2. It is accepted that the use of excessive or disproportionate force resulting in death constitutes a violation of Article 2 of the Convention and the Government undertake to issue appropriate instructions and adopt all necessary measures to ensure that the right to life – including the obligation to carry out effective investigations – is respected in the future. It is noted in this connection that new legal and administrative measures have been adopted which have resulted in a reduction in the occurrence of deaths in circumstances similar to those of the instant application as well as more effective investigations.
3. I declare that the Government of the Republic of Turkey offer to pay ex gratia to the applicants the amount of 500,000 French francs[1]. This sum, which also covers legal expenses connected with the case, shall be converted into Turkish Liras on the date of payment and paid to a bank account named by the applicants. The sum shall be payable, free of any taxes that may be applicable, within three months from the date of striking out decision of the Court pursuant to Article 37 of the European Convention on Human Rights.
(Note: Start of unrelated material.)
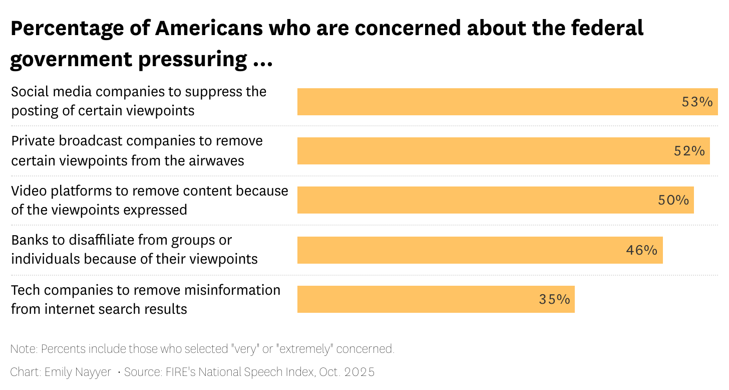 “Americans are deeply concerned about jawboning — and they’re right to be,” said FIRE Legislative Director Carolyn Iodice. “Both parties have been guilty in recent years of using government pressure to silence speech. This isn’t a partisan issue; it’s a constitutional one.”

This payment will constitute the final settlement of the case.
4. The Government consider that the supervision by the Committee of Ministers of the execution of Court judgments concerning Turkey in this and similar cases is an appropriate mechanism for ensuring that improvements will continue to be made in this context. To this end, necessary co-operation in this process will continue to take place.
5. Finally, the Government undertake not to request the referral of the case to the Grand Chamber under Article 41 § 1 of the Convention after the delivery of the Court’s judgment.”
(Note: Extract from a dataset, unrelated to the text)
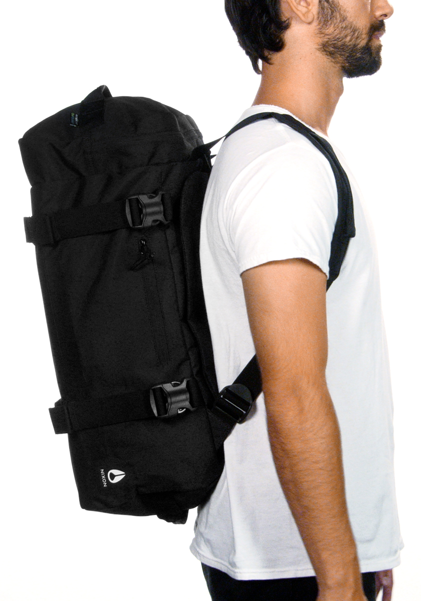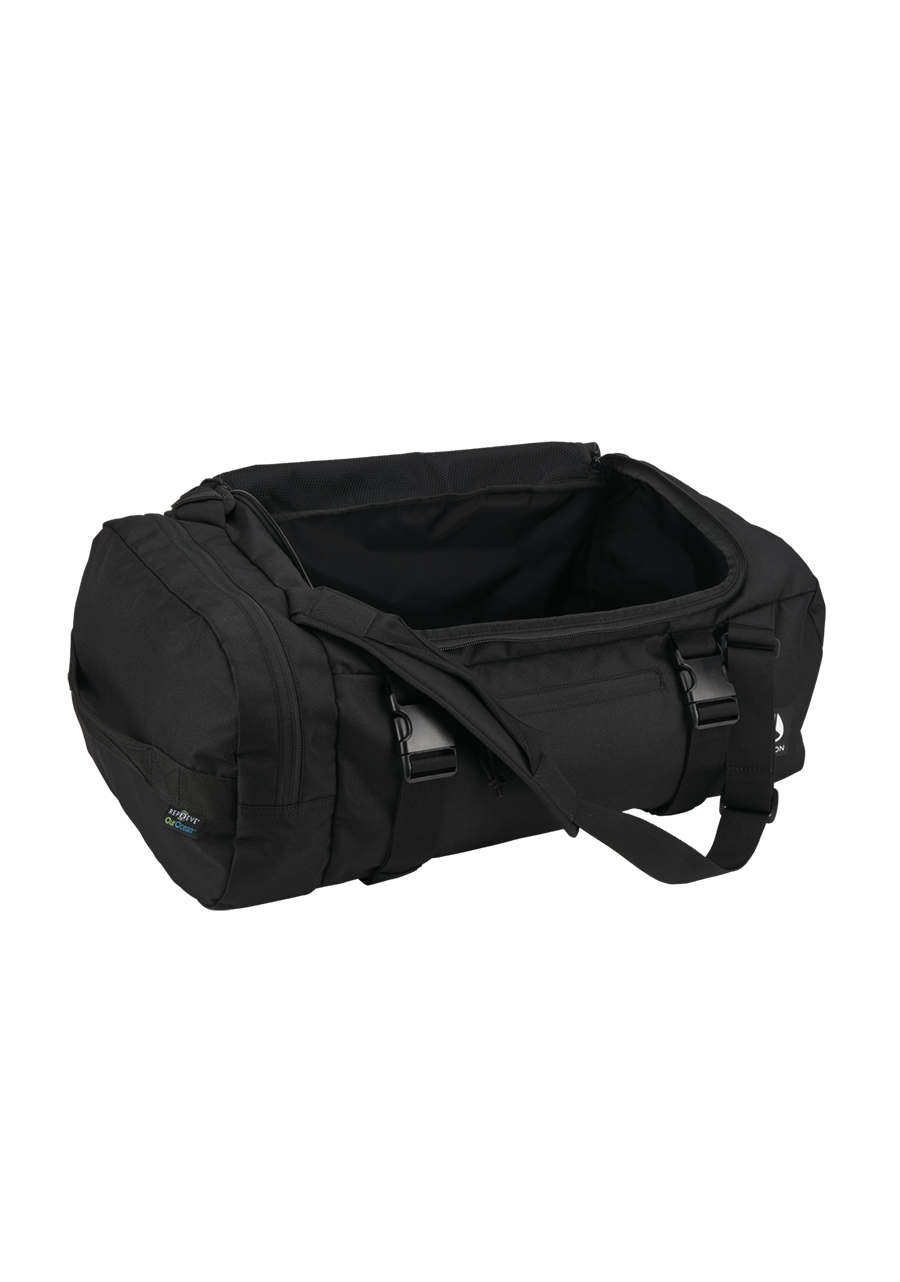 Grazie allo spallaccio staccabile e alle cinghie regolabili, si trasforma facilmente da borsone a zaino.

17. On 16 October 2001 the Court received from the applicants’ representative the following declaration signed by the applicants:
“1. The applicants have taken note of the declaration made by the Government of Turkey and accept the payment by the Government, within three months from the date of the judgment delivered by the Court pursuant to Article 39 of the European Convention of Human Rights, of an amount of 500,000 French francs, with a view to securing a friendly settlement of their applications to the European Court of Human Rights, registered under nos. 27735/95. The applicants declare that this constitutes a full and final settlement of their claims.
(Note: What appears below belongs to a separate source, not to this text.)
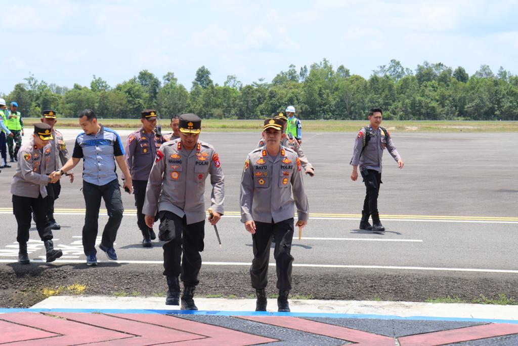Kapolres Kobar Sambut Kedatangan Kapolda Kalteng Dalam Rangka Patroli Udara Meninjau Kebakaran Hutan Dan Lahan Di Wilayah Kotawaringin Barat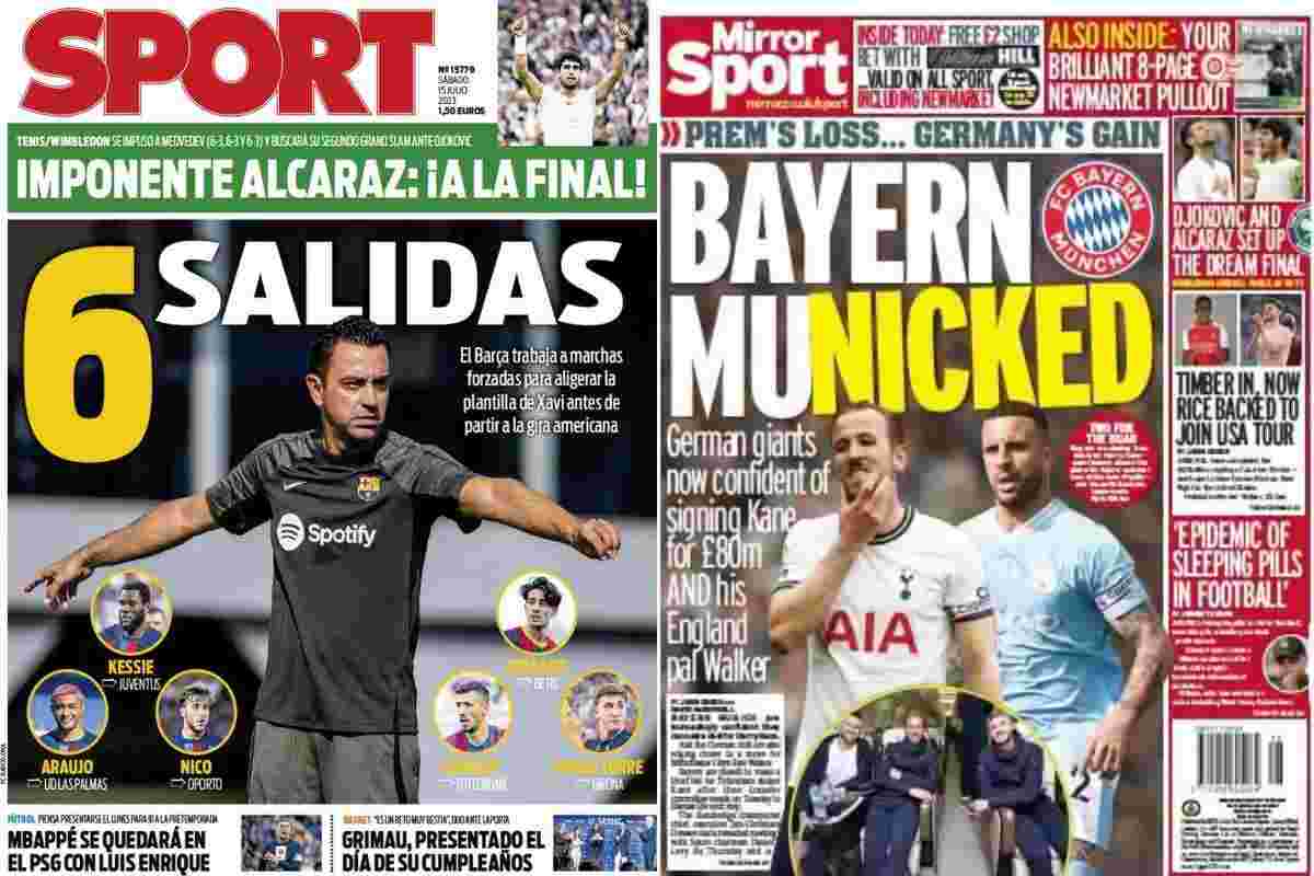 Su ‘Sport’, in Spagna, il piano delle cessioni del Barcellona, “6 salidas“, tra le quali quella di Kessie alla Juventus. In Inghilterra invece si osservano con preoccupazione le mosse del Bayern, pronto a mettere le mani su Kane e Walker: “Bayern MuNicked” è il titolo del ‘Mirror’.

2. The applicants further undertake not to request the referral of the cases to the Grand Chamber under Article 43 § 1 of the Convention after the delivery of the Court’s judgment.”
18. The Court takes note of the agreement reached between the parties (Article 39 of the Convention). It is satisfied that the settlement is based on respect for human rights as defined in the Convention or its Protocols (Article 37 § 1 in fine of the Convention and Rule 62 § 3 of the Rules of Court).
19. Accordingly, the case should be struck out of the list.
FOR THESE REASONS, THE COURT UNANIMOUSLY
1. Decides to strike the case out of the list;
2. Takes note of the parties’ undertaking not to request a rehearing of the case before the Grand Chamber.
Done in English, and notified in writing on 28 March 2002, pursuant to Rule 77 §§ 2 and 3 of the Rules of Court.